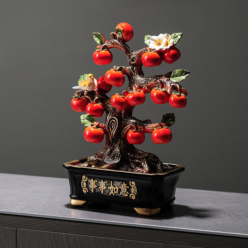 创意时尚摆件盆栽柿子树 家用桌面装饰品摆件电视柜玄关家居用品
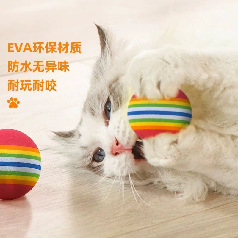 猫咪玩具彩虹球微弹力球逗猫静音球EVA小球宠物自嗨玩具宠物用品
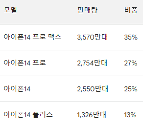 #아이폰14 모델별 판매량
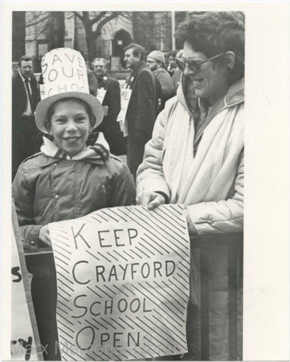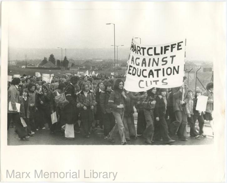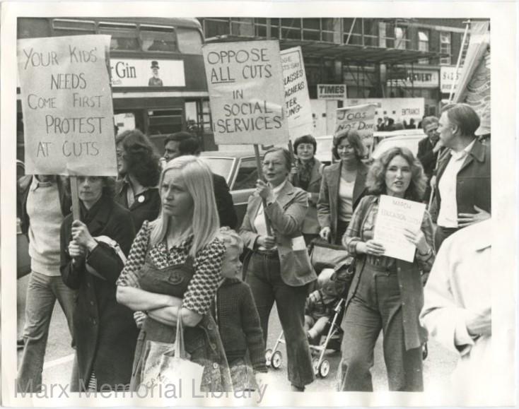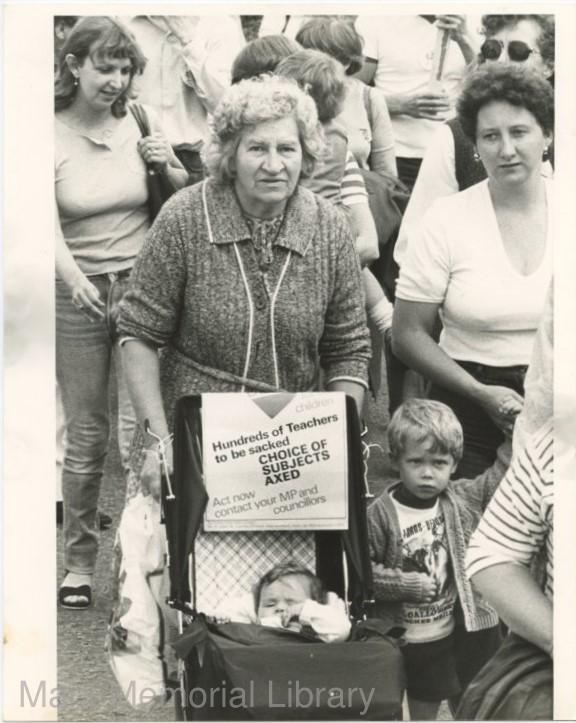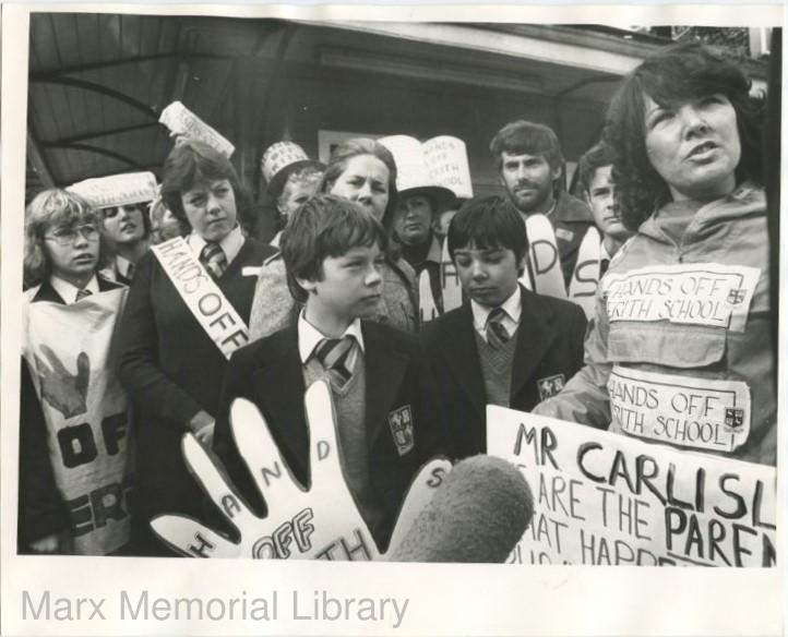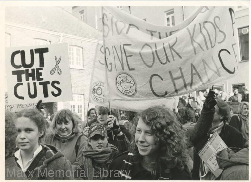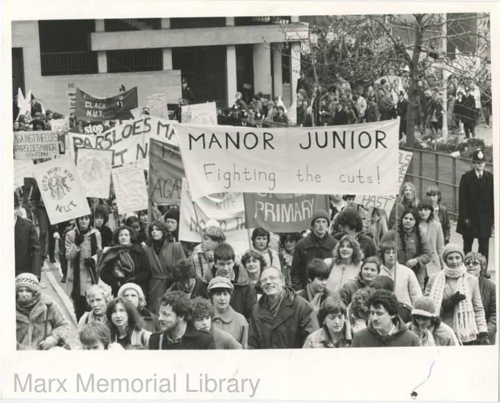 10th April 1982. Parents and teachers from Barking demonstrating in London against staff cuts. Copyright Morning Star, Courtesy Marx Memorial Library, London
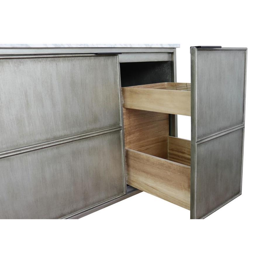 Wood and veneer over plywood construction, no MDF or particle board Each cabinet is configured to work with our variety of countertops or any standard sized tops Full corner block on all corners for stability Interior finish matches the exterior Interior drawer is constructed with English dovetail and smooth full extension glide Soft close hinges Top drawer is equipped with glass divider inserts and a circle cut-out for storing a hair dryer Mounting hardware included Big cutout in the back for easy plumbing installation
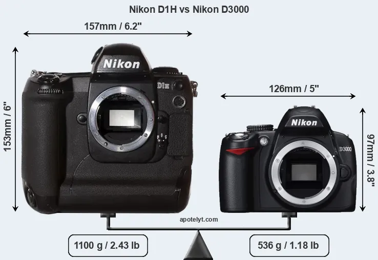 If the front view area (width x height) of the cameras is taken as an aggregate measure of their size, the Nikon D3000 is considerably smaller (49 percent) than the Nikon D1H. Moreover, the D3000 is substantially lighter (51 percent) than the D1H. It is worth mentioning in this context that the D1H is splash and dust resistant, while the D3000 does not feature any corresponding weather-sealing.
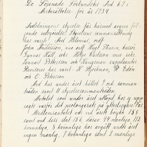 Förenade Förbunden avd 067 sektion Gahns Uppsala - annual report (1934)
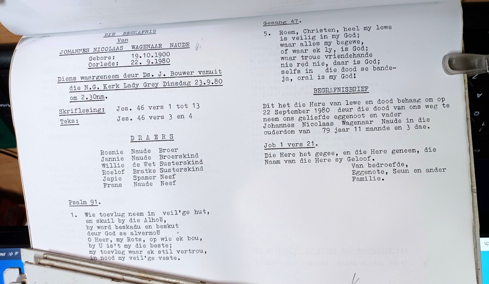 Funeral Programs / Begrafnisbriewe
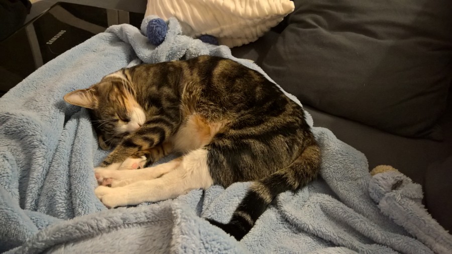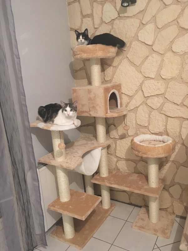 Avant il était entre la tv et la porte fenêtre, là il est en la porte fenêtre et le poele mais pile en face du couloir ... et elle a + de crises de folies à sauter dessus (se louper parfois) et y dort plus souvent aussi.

================================

■ **Work required**: Your answer should be a precise transcript of the entries, minus the pictures.

■ **Answer below**:
 创意时尚摆件盆栽柿子树 家用桌面装饰品摆件电视柜玄关家居用品
 猫咪玩具彩虹球微弹力球逗猫静音球EVA小球宠物自嗨玩具宠物用品
 #아이폰14 모델별 판매량
 10th April 1982. Parents and teachers from Barking demonstrating in London against staff cuts. Copyright Morning Star, Courtesy Marx Memorial Library, London
 Wood and veneer over plywood construction, no MDF or particle board Each cabinet is configured to work with our variety of countertops or any standard sized tops Full corner block on all corners for stability Interior finish matches the exterior Interior drawer is constructed with English dovetail and smooth full extension glide Soft close hinges Top drawer is equipped with glass divider inserts and a circle cut-out for storing a hair dryer Mounting hardware included Big cutout in the back for easy plumbing installation
 If the front view area (width x height) of the cameras is taken as an aggregate measure of their size, the Nikon D3000 is considerably smaller (49 percent) than the Nikon D1H. Moreover, the D3000 is substantially lighter (51 percent) than the D1H. It is worth mentioning in this context that the D1H is splash and dust resistant, while the D3000 does not feature any corresponding weather-sealing.
 Förenade Förbunden avd 067 sektion Gahns Uppsala - annual report (1934)
 Funeral Programs / Begrafnisbriewe
 Avant il était entre la tv et la porte fenêtre, là il est en la porte fenêtre et le poele mais pile en face du couloir ... et elle a + de crises de folies à sauter dessus (se louper parfois) et y dort plus souvent aussi.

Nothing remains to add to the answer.